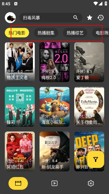 1. 开启XMBOX,点击首页左上角图标,即可切换影视源。
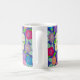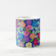 Mug de café à fleur de géranium. Fleurs de géranium peintes à la main sur une tasse à café avec un arrière - plan bleu. Partie d'un ensemble de quatre. Collection de géranium
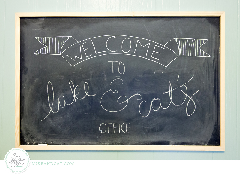 What better place to start than a tour of our office! We redid our office this year a little bit. We have had the same desks for about a year, but we repainted the walls from a dark navy blue to a light minty green that matches our branding more. We feel so happy any time we step into our office now! The wall color we chose is Benjamin Moore Palladian Blue.We used to have our walls filled with canvases, but when we repainted we wanted something a little different. Luke's always wanted a chalkboard, so he got one that he can write on. It usually says the name of whoever we're having come to our house that day, not "Luke and Cat's Office" as below. Luke just wrote that before he took the picture. Sometimes it just says Wilma and Hudson, of course. One day I walked in and it said "NOT Welcome Zombies" but we might have just spent the past 2 days watching Season 1 and Season 2 of The Walking Dead. And if you aren't watching that you should. :)

━━━━━━━━━━━━━━━━

(ACTIVITY): Repeat, exactly and in full, all the material above except its pictures.

(ANSWER SPACE):
 1. 开启XMBOX,点击首页左上角图标,即可切换影视源。
 Mug de café à fleur de géranium. Fleurs de géranium peintes à la main sur une tasse à café avec un arrière - plan bleu. Partie d'un ensemble de quatre. Collection de géranium
 What better place to start than a tour of our office! We redid our office this year a little bit. We have had the same desks for about a year, but we repainted the walls from a dark navy blue to a light minty green that matches our branding more. We feel so happy any time we step into our office now! The wall color we chose is Benjamin Moore Palladian Blue.We used to have our walls filled with canvases, but when we repainted we wanted something a little different. Luke's always wanted a chalkboard, so he got one that he can write on. It usually says the name of whoever we're having come to our house that day, not "Luke and Cat's Office" as below. Luke just wrote that before he took the picture. Sometimes it just says Wilma and Hudson, of course. One day I walked in and it said "NOT Welcome Zombies" but we might have just spent the past 2 days watching Season 1 and Season 2 of The Walking Dead. And if you aren't watching that you should. :)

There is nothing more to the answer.